# What type of diffuser goes on the back wall?



## jmtenthusiast (Jan 23, 2016)

What type of diffuser goes on the back wall? In other words, what frequencies will I build for, low to high?

http://www.mh-audio.nl/DiffusorCalculator.asp

The front wall is 3" rockwool, sides will be with rockwool as well as ceiling. 1/2 of the back wall is 3" rockwool. 

Dimensions of room, 8 ' ceiling, 12 feet wide, 20' in depth.

Thanks!


----------



## bpape (Sep 14, 2006)

What is the room going to be used for? HT? 2 channel? Studio?
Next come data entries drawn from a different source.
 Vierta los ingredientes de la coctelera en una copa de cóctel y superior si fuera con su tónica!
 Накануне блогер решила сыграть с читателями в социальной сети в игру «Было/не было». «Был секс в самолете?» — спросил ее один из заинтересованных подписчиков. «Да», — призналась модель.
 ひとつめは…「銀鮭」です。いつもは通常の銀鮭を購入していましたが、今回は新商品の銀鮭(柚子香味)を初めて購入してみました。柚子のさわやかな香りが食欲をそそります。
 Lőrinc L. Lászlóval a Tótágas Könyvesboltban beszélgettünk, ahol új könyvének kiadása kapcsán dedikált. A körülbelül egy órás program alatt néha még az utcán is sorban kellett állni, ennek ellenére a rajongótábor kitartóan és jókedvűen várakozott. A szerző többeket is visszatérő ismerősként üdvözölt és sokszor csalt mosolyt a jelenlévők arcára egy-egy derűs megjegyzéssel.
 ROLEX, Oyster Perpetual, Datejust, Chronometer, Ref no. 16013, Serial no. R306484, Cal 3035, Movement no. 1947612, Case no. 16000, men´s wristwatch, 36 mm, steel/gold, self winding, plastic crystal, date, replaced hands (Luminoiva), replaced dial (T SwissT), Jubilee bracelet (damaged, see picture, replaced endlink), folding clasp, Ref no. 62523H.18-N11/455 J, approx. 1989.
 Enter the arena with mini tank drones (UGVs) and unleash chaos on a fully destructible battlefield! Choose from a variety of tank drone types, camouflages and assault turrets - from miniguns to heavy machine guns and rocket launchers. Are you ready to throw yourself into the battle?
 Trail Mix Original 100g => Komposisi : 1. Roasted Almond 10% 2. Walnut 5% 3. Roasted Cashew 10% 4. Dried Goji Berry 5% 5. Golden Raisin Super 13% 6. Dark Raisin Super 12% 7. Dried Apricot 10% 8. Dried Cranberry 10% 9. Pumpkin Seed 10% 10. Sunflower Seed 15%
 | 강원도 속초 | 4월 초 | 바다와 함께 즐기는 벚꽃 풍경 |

I assume HT?


----------



## jmtenthusiast (Jan 23, 2016)

Home Theater


----------



## jmtenthusiast (Jan 23, 2016)

Diffuser will go at the top of the garage door.


----------



## bpape (Sep 14, 2006)

Up there it's more for flutter echo so I would build for higher frequencies.


----------



## jmtenthusiast (Jan 23, 2016)

bpape said:


> Up there is's more for flutter echo so I would build for higher frequencies.
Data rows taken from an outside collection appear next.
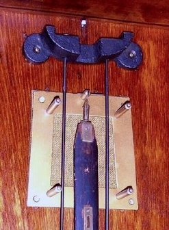 | | Backside of circa 1900, German, Gustav Becker, 3-weight, Grand Sonnerie regulator clock; image credit on full record. |
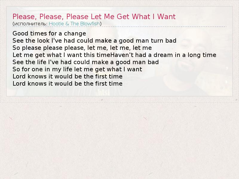 А как ты думаешь, о чем песня "Please, Please, Please Let Me Get What I Want" ?
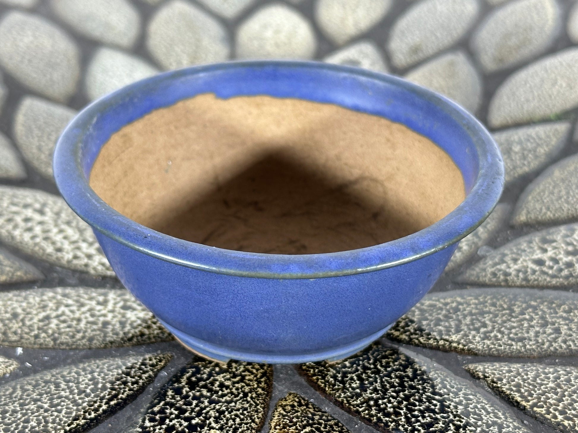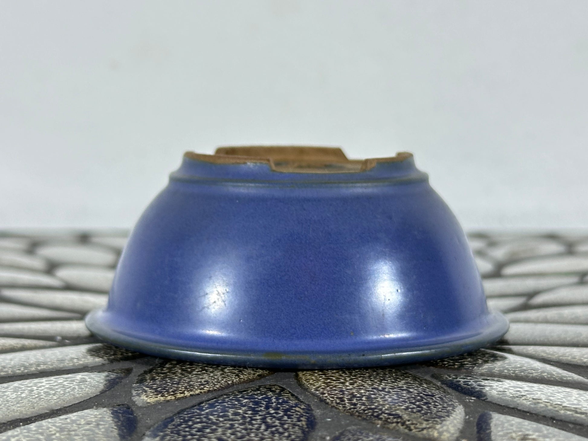 Preowned Japanese Tokoname Glazed Round Bonsai Pot with Stamps - has patina
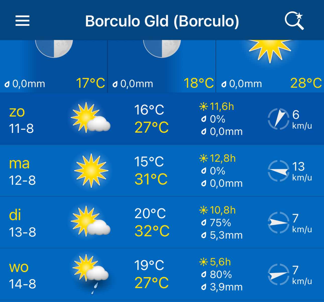 Het weer de komende drie dagen
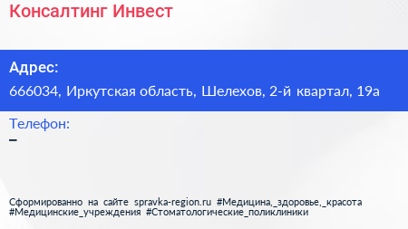 Консалтинг-Инвест по адресу 666034, Иркутская область, Шелехов, 2-й квартал, 19а в дальнейшем Организация, размещена в следующих категориях:

What's considered higher frequencies?

Also, would it be a better idea to move the absorption panel to the top and put the diffuser at the 2/3rd's spot? If so, would I build diffuser for different frequencies?


----------



## jmtenthusiast (Jan 23, 2016)

How far behind my AT screen should my speakers be? 2"? 6"?


----------



## NBPk402 (Feb 21, 2012)

Are you leaving the garage door as functional? We stuffed ours with insulation, and screwed it together to stop it from vibrating. We also built a fake wall up in front of it and stuffed it with insulation.


----------



## jmtenthusiast (Jan 23, 2016)

ellisr63 said:


> Are you leaving the garage door as functional? We stuffed ours with insulation, and screwed it together to stop it from vibrating. We also built a fake wall up in front of it and stuffed it with insulation.


Yes, it will be functional.


----------



## jmtenthusiast (Jan 23, 2016)

bpape said:


> Up there is's more for flutter echo so I would build for higher frequencies.
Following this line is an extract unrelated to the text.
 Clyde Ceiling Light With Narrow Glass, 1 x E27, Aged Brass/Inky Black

What do you consider "higher" frequencies? Is it 500 to 20K?


----------



## bpape (Sep 14, 2006)

Flutter echo I would say about 800 and up.


----------



## jmtenthusiast (Jan 23, 2016)

bpape said:


> Flutter echo I would say about 800 and up.


ha! You don't know who you're dealing with. 800 means a lot to me, but what does "on up" mean? LOL Do you mean I should make a diffuser that handles 800 to 20,000?


I have 20" x 8' of space to work with. How many diffusor panels do you think I need? Should I fill up the space? Should each panel handle a different range or should all the panels be identical?

Thanks for your help. This is getting fairly exciting. haha


----------



## NBPk402 (Feb 21, 2012)

jmtenthusiast said:


> ha! You don't know who you're dealing with. 800 means a lot to me, but what does "on up" mean? LOL Do you mean I should make a diffuser that handles 800 to 20,000?


I believe that is what Bryan meant.


----------



## bpape (Sep 14, 2006)

You won't get a well type diffuser to cover that wide a range without breaking some rules of design. A Poly-cylindrical diffuser can do that wide range though.


----------